Background: Coronary heart disease (CHD) and myocardial infarction (MI) continue to be leading causes of death in the United States. Effects of depression and anxiety on CHD and MI risk remain controversial. A number of studies have shown mixed results. Even fewer studies have examined the specific association of anxiety with MI. Limitations to existing studies include non-prospective designs, small sample sizes, and review of non-current data. Furthermore, effects of medication use for depression and anxiety on CHD and MI risk have not been fully elucidated. Our study examines the association between CHD/MI and all three of these important factors: anxiety, depression, and psychiatric medications, in a cross-sectional analysis of a large database of subjects in the United States. The large sample size and comprehensive adjustment for risk factors for CHD/MI are major strengths of this study.

Methods: We analyzed data from the 2015 Behavioral Risk Factor Surveillance System (BRFSS) containing 441,456 subjects. A chi-square test was used to examine the binary variables of demographic and health characteristics of subjects with CHD/MI and subjects without CHD/MI. These characteristics include gender, age, hypertension (HTN), diabetes mellitus (DM), hyperlipidemia (HLD), chronic kidney disease (CKD), anxiety, depression, and medications for emotional problems. We then used logistic regression models to estimate the adjusted odds ratio of CHD/MI for these characteristics.
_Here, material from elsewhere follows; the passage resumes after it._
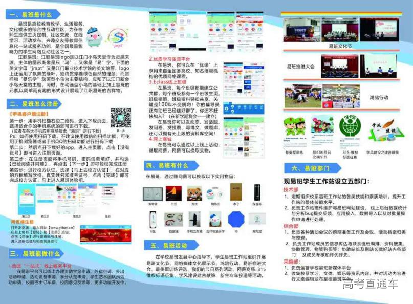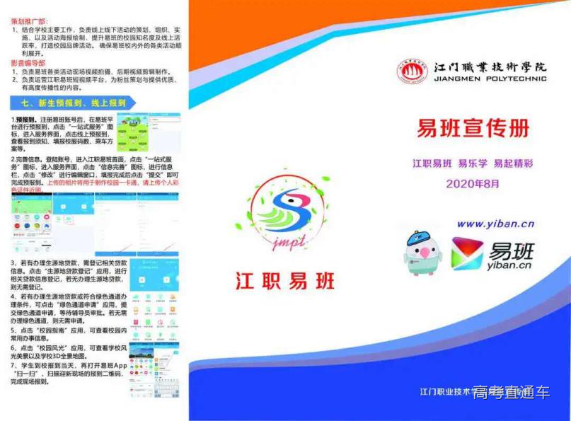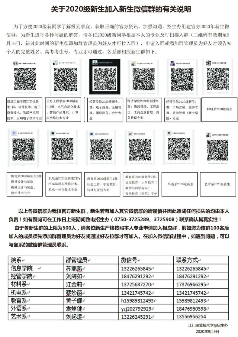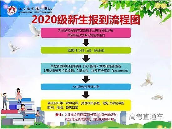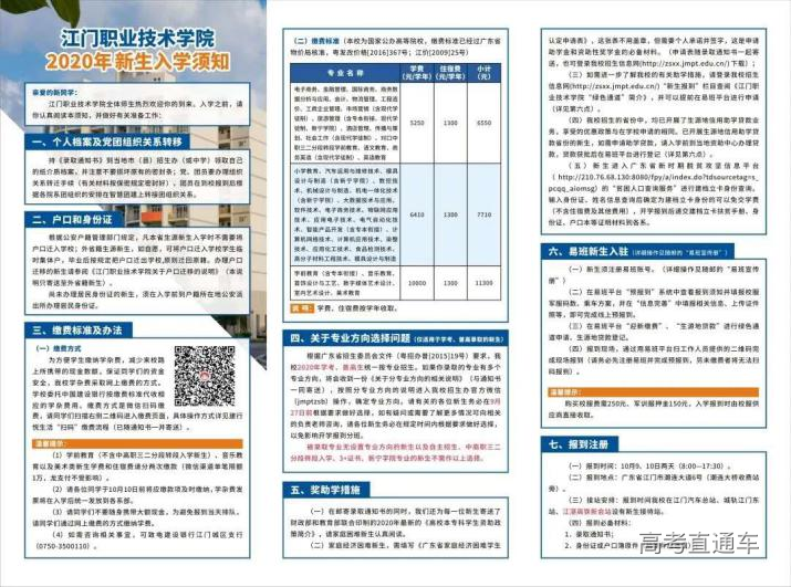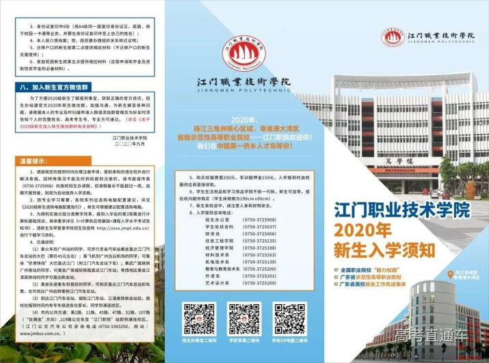 别慌! 往下翻 你的疑惑 小职来一一解答 // 重点必读篇 ① 认真阅读好2020年新生入学须知 ② 学费缴纳流程与新生官方微信群 请细读“加入官方新生微信群的说明”,按录取专业尽快加入指定的官方新生微信群(新生必须加入),获取《建行悦生活“扫码”缴费流程》,10月10日前按指引完成缴费环节!! ③ 关于江职易班 ④ 关于团费缴纳与团组织关系转接 新生可关注“江门职业技术学院青年部落”微信公众号,并通过链接在智慧团建系统进行团员组织关系转接及缴纳团费。 ⑤ 关于国家资助政策 广东省家庭经济困难学生认定申请表下载网址: http://xsc.jmpt.cn/viscms/xsc/jiangqinzhudai0014/20200915/448384.html ⑥ 关于新生应征入伍保留学籍的通知 应征入伍需要保留入学资格的新生,请将以下资料邮寄到“江门职业技术学院招生办 冯老师收,电话:0750-3725908。”为防材料丢失,请一定用邮政EMS快递寄送,不接收其他快递。10月20日前无法邮寄以上材料者,请电话联系履行登记手续,以免影响学籍注册。 (注意:不办理当兵保留学籍的同学,高职院校将会上报省考试院办理注销学籍手续,学籍注销的学生,当兵复员后不可再回来复学。) 1. 《应征入伍普通高等学校录取新生保留入学资格申请表》(县级征兵办盖章,一式二份); 2. 《入伍通知书》复印件; 3. 《录取通知书》复印件; 4. 身份证复印件; 5. 征兵办回邮地址、收件人及联系电话等。 ⑦ 关于专升本 在报到入学前后,请勿相信非官方群、非官方公众号的信息,以免上当受骗! // 开学前准备篇 ▲证件类(报到需要): 1、录取通知书 2、身份证、户口簿原件、不同尺寸和底色的证件照 身份证复印件6份(用A4纸同一面复印身份证正、底面,用于校园一卡通等业务,并要在身份证复印件上签上自己的姓名) 3、本人纸介质档案;党、团员要办理组织关系转迁证明 5、迁移户口的新生要提供的相应材料(不迁移户口的新生无需提供) 6、家庭贫困新生要提供的相应材料(这是申请助学金及资助性奖学金的必备材料) ▲生活类(建议携带,也可当地购买!): ① 秋衣和夏衣(江职晚上会比较凉快) ② 睡衣 ③ 内衣、内裤、袜子 ④ 拖鞋和运动鞋 (记得再带双备用鞋,以防下雨天替换) ⑤ 衣架、大夹子 ⑥ 被子、枕头、床垫、凉席、蚊帐 ▲洗漱类: ① 毛巾、浴巾、纸巾 ② 沐浴露、洗发水、护发素、肥皂 ③ 防晒霜、面霜 ④ 牙膏、牙刷、牙杯 ⑤ 盆子、桶 ⑥ 女生的皮筋、发卡 ⑦ 男生的剃须刀 ⑧ 洗衣液、洗衣粉、洗洁精 ⑨ 筷子、勺子 ⑩ 吹风机(要低于800瓦喔!) ▲饮食类: ① 水杯、保温杯 ② 饭盒 ③ 水果刀 ▲药品类: ① 创口贴 ② 消毒水、酒精 ③ 眼药水 ④ 感冒药、肠胃药、冲剂 ⑤ 风油精、皮炎平 ⑥ 花露水、驱蚊水 ⑦ 棉签 ▲零碎小物件类: ① 体温计、指甲钳、剪刀 ② 收纳盒 ③ 雨伞 ④ 数据线、插头、充电宝、电插排 ⑤ 钥匙扣、卡套 ⑥ 镜子、梳子、挂钩 ⑦ 床上书桌、台灯 温馨提示:不要购买大功率的电器喔! ▲学习用品类: ① 笔记本、笔 ② 笔记本电脑(根据各专业所需类型购买) ③ 书包 ④ 一本自己喜欢的课外书 // 宿舍篇 1、宿舍内,每人都有配套的书桌、柜子,大部分系按照报到顺序安排床位。 2、宿舍内标配是一间洗手间一间淋浴间。 3、宿舍床规格是0.9 x 1.9 4、宿舍有空调(可到校内空调服务中心进行租赁,以自愿为原则) 5、宿舍电器,只能使用800瓦以下吹风筒,其它电器(除电脑、电风扇、复读机外),无论多大功率也不能使用 6、宿舍内饮用水,饮水机和桶装水可以到校内售水中心租赁 7、第9、10栋宿舍有电梯 8、宿舍晚上门禁时间11:30 // 快递篇 1、学校地址:广东省江门市蓬江区潮连大道6号,江门职业技术学院。快递直接填这个地址即可。 2、学校的快递点(菜鸟驿站)位于西江月饭堂旁,快递站工作人员会发短信给手机上,根据短信上的货架号,下载菜鸟裹裹获取身份码取件。。 // 报到篇 1、学校地处珠江三角洲核心区域,位于“中国侨都”江门市市区。在距离学校3.5公里处设有“潮连站”高速出入口,到广州仅需1小时。广珠城际轻轨、深茂高铁“江门东站”“江门站”到“广州南站”仅45分钟;“台山站”高铁站离新宁学院校区仅10分钟,2路、11路、45路、47路、51路、107路等多路公共汽车线路连接学校与市区各繁华路段和汽车客运站、轻轨站,交通十分便利。 2、新生入学会有学校安排车辆接送,在江门汽车总站、轻轨江门东站和新会站有师兄师姐来接你来学校。 2020迎新场所安排图 2020级新生报到流程图 3、入住宿舍后留意学校通知并在指定时间到指定地点领取教材、领取校服军训服。 4、每个系的报到地点都不同,届时会有不同的横幅和指示牌指引。 // 学习与生活篇 图书馆 1、刷校园卡进出图书馆。 2、图书馆有自习室(已装空调),环境舒适,适合学习。 饭堂与便利店 1、学校有两个饭堂,西江月和望海潮,还有其他一些餐厅。 2、饭堂的菜式丰富,有麻辣烫、奶茶、糖水等多种选择。可刷饭卡、微信支付,也可购买饭票。 3、学校还有两个便利店,分别位于两个饭堂的附近。 01 02 03 这里给萌新们介绍一下位于西江月饭堂右侧的易捷便利店。便利店里面有三大专区:种类丰富的水果专区、新鲜美味的糕点专区、物美价廉的生活专区。商品种类繁多,价格实惠,供同学们任意选购。 2020年的萌新们 我们10月9日、10月10日的 8时00分--

Results: Univariate analysis revealed that being older than 60 years and having HTN, DM, HLD, and CKD significantly increases the odds of CHD/MI by 4.77, 5.03, 3.91, 3.48, and 4.47, respectively. Furthermore, depression and taking medications for emotional problems increases the odds of CHD/MI by approximately 70% with a p-value less than 0.0001. In contrast, anxiety significantly reduces the odds of CHD/MI by 38% with a p-value less than 0.0001. We then constructed two logistic regression models which showed that depression increases the odds of CHD/MI by 2.48, and anxiety reduces the odds of CHD/MI by 58%, after comprehensive adjustment for CHD/MI risk factors. Finally, medications for emotional problems are not associated with CHD/MI, after adjustment for other risk factors as well as depression or anxiety.

Conclusions: A national database was used to determine the associations between CHD/MI, depression, anxiety, and use of medication for emotional problems. Our analysis suggests that depression increases the odds ratio of CHD/MI while anxiety reduces the odds ratio of CHD/MI with medication having no effect. This information is clinically useful in assessing risk of CHD/MI in patients with concomitant mental health disease.